/ 3 June 2007

Media going mobile

As many consumers of traditional news media, especially in the developed world, have moved to the internet to keep up to date, so another exodus has started: from the web to other digital media, especially cellphones.

This was the message at the Annual Digital Media Round Table held on Sunday at the Cape Town International Convention Centre as a precursor to the World Editors Forum and World Newspaper Congress running until June 6.

The forum and congress, attended by more than 1 500 delegates from more than 100 countries, kicked off on Sunday evening at the Castle of Good Hope at a welcoming ceremony featuring a Cape minstrel band, cannon shots and Cape Dutch, Cape Malay and African cuisine. Guest of honour Nelson Mandela could not attend, but praised editors in a televised message.

At Sunday’s round table, Erik Nord, deputy CEO of Telenor Broadcast in Norway, said total media consumption is rising around the world but growing more fragmented as users turn to cellphones, personal digital assistants (PDAs), MP3 players and a host of other devices to stay connected.

He pointed out that customers are willing to pay for premium content, such as football scores, reports and even live coverage on cellphones, which are a cheap, easy-to-use and cost-efficient medium. It is set to become the most frequently used media channel, covering anything from news and sport to music, dating and banking.

News providers should be finding the right partners in the mobile world and offering their core competencies, such as news or sport reporting, he suggested.

Martha Stone, director of the World Association of Newspapers’s Shaping the Future of the Newspaper, agreed that global media usage is on the rise, especially in digital media. She reported on a range of research projects regarding the use of digital media worldwide, showing it’s not just young people using such new media. Also, it seems consumers are not paying full attention to any one medium being consumed, but rather taking in several simultaneously, such as cellphones and the web.

Advertising

Though internet advertisement spending is growing faster than spending on other media, the ad spend does not correlate with the time users spend on it: for example, in 2006 in the United States, 6% of ad spend went online, yet 23% of consumers were using the web as a news source.

The online advertising industry is, however, raring to go, with search giants Yahoo! and Google leading the charge.

”Yahoo! has identified the local market as the future,” said Mike Smith, executive director of the Media Management Centre at Northwestern University in the US.

The market for online ad spend remains untapped, he said, and Yahoo! sees it becoming one of the hottest advertising commodities in the US by 2010, second only to direct marketing. Yahoo! also keeps an eye on the news, and predicts that the core news activity in future will be gathering, not distribution.

Smith explained Yahoo!’s long-term deal with a consortium of 264 US newspapers. The deal involves placing Yahoo!’s HotJobs facility on each member paper’s website, as well as offering the Yahoo! search engine.

More importantly, news sites get to display the ”right ad in the right place at the right time”, he said. Each member newspaper gets access to Yahoo!’s national reach to get a piece of the pie of bigger ad campaigns, while the websites are also able to display news headlines and advertisements tailored to a user’s location and even online behaviour.

Advertisers benefit through targeted ads and broad distribution, users benefit from seeing extensive local news and advertisements, and newspapers benefit from the revenues and being part of national ad sales, said Smith.

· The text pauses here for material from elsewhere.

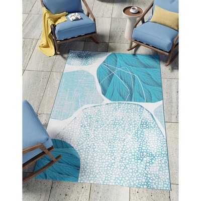 - colorful outdoor rugs blue palm leaf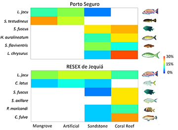 FIGURE 4| Distribution of the most frequent species by habitat for Porto Seguro (BA) and RESEX de Jequiá (AL). Warmer colors (close to red) represent higher frequencies of species among the samples.

Some news content providers can then, for example, use revenue generated from their business with Yahoo! to fund costly international news gathering.

Already, Google’s established AdSense product pays out $3,3-billion to its partners around the world every year, said Rob Jonas, head of media and publishing for Google Europe, Middle East and Africa.

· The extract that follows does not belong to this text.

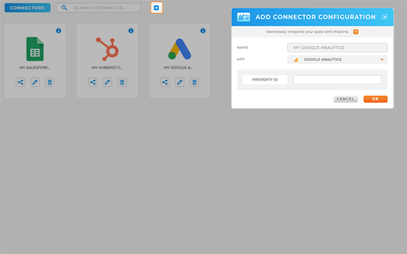 Now it’s time to bring your Google Analytics data into Mapline! Log into your Mapline account and look toward the top-right corner. See your name? Click on it and select CONNECTORS from the dropdown menu. This is where all your integrations live.

Google is now building on its text ads and providing display and video ads too, suited to the context of a website, and has even launched PrintAds, which is still in an experimental phase but would make Google a simple go-between for advertisers wanting to launch a campaign across many print newspapers.

As these integrated models grow, content providers have found they need a way to control how services such as Yahoo! and Google access and use their content ‒ and it’s called the automated content access protocol (Acap), reported Daniel Neethling, a Media24 regional manager who is part of the global Acap development team.

It is a 12-month project to create an open standard for all to use, which will automate the way search engines and aggregators access websites. It will, for example, deal with open and closed databases (say, newspapers versus academic journals) and improve the relationship between such publishers and internet endeavours, preventing lengthy court cases about the misuse of content.

Following the opening ceremony on Monday morning, which will be addressed by President Thabo Mbeki, among others, the week’s forum and congress activities include business sessions on topics such as the future of the newspaper and convergence in newsrooms; a cultural evening at Spier wine estate; and a range of editors’ sessions and discussions.